Notwithstanding a few near misses (the Austrian presidential election), many more liberally-minded readers will probably reflect back on 2016 as a year of loss and anxiety. Two significant shocks—Brexit and the election as US President of a reality TV star billionaire with neither political experience or knowledge—have severely dented our sense of the logical progression of our times. Repeatedly, we have been forced to ask whether we are not moving in a retrograde direction, and whether in particular a right-wing populist agenda driven by hysterical propagandists spells doom for more tolerant, inclusive world-views and threatens anew to unleash the hatreds which proved so destructive throughout most of the 20th century.
To my mind these fears are not misplaced. Neither, however, are they new. A pervasive sense of crisis in fact defines much of the dialectical counterpoint to the recurrent official optimism of progress which constitutes the dominant ideology of the modern period. To Marx, capitalism would eventually self-destruct in one final cataclysm, producing at the same time the earthly paradise of the proletariat. To Schopenhauer, a natural cultural pessimism was the logical concomitant to the age of the masses. By the late 19th century, indeed, it was becoming evident that the pattern of urban industrial modernity and an increasingly dominant world-market mechanism might well prove more disruptive of humanity’s aspirations for betterment than not. From this perspective the moment of optimistic, expansive progression, which seems in retrospect to define most of the second half of the 20th century, now seems more the exception than the rule.

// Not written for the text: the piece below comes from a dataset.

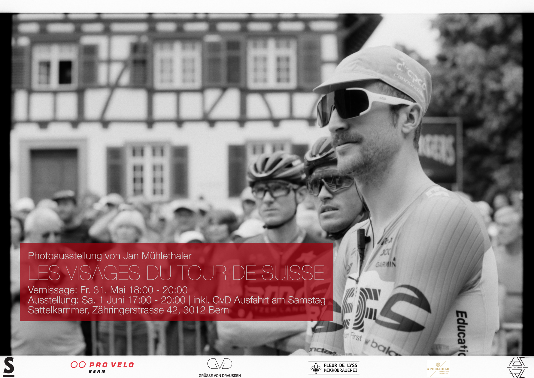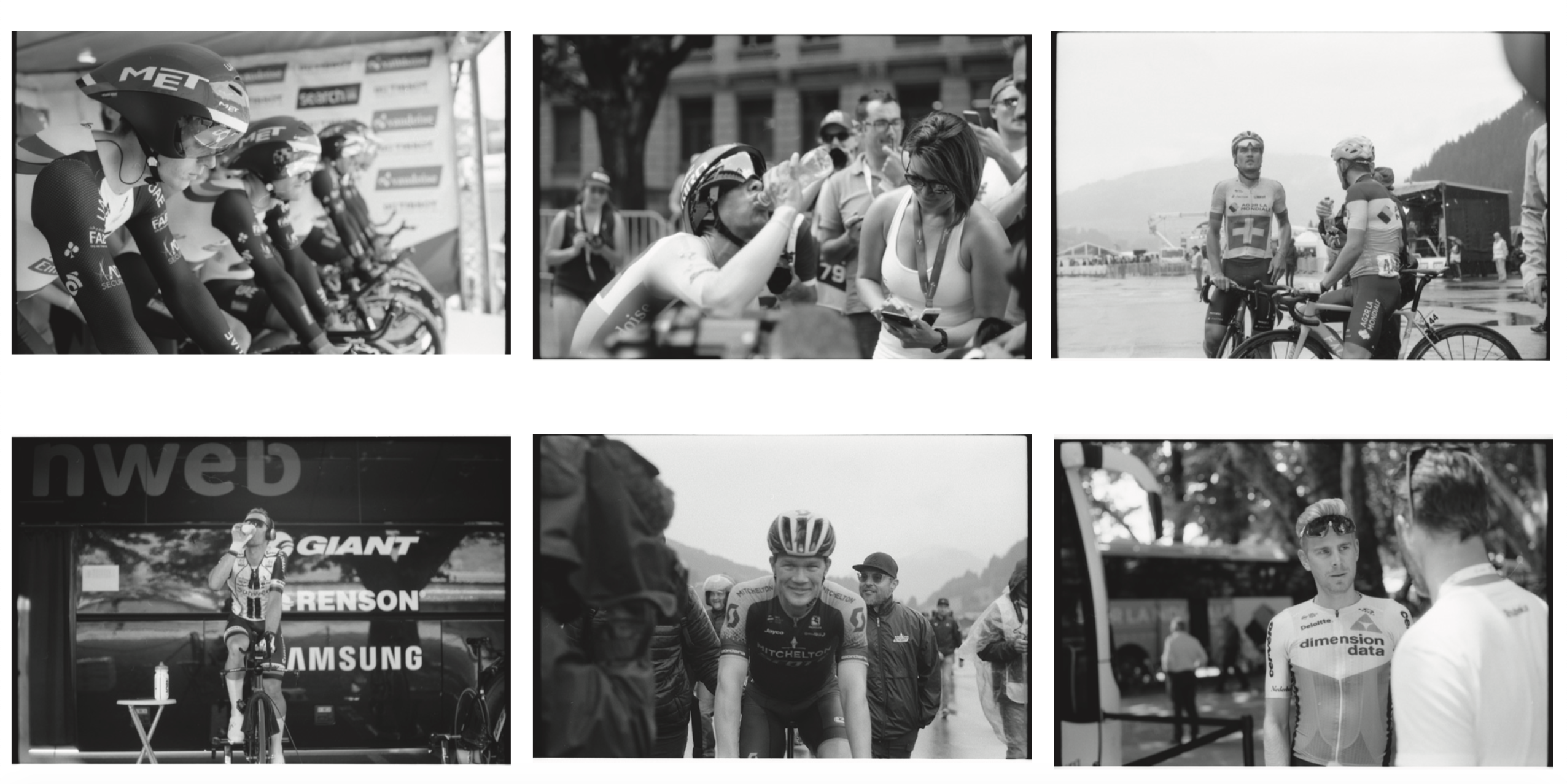 Jan Mühlethaler begleitete die Tour de Suisse neun Tage lang mit seiner analogen Fotokamera aus nächster Nähe. Dabei entstanden schwarz-weiss Portrait-Fotografien der Radfahrer, der Zuschauer oder des Renn-Staffs.

But there are still more sobering reasons to suppose that things are getting worse rather than better. Our fears of the past two centuries have mostly involved mass society, revolution, capitalist exploitation, and crisis, and then, after 1945, the prospect of nuclear war. Now we face an environmental crisis of a magnitude which puts all these anxieties in the shade. We will not, it seems, “master nature,” as Bacon and Marx alike hoped. Nature is rightly angry at us and will have her retribution. While all our anxieties since the beginning of the Industrial Revolution have been contingent—they have involved things which might happen but also might not—global warming is certainly happening, and with a speed which leaves even scientists deeply dismayed. No amount of new iPhones, or advances in medicine, or in our ability to forestall ageing and disease, will stave off the calamitous eventuality of an earth which can no longer support its inhabitants. If, as now seems increasingly likely to be the case, we witness a constant process of warming across the next decades, we are likely to reach systemic collapse towards the end of this century. With a population of over 10 billion, this will produce the mother of all crises, and quite possibly the last.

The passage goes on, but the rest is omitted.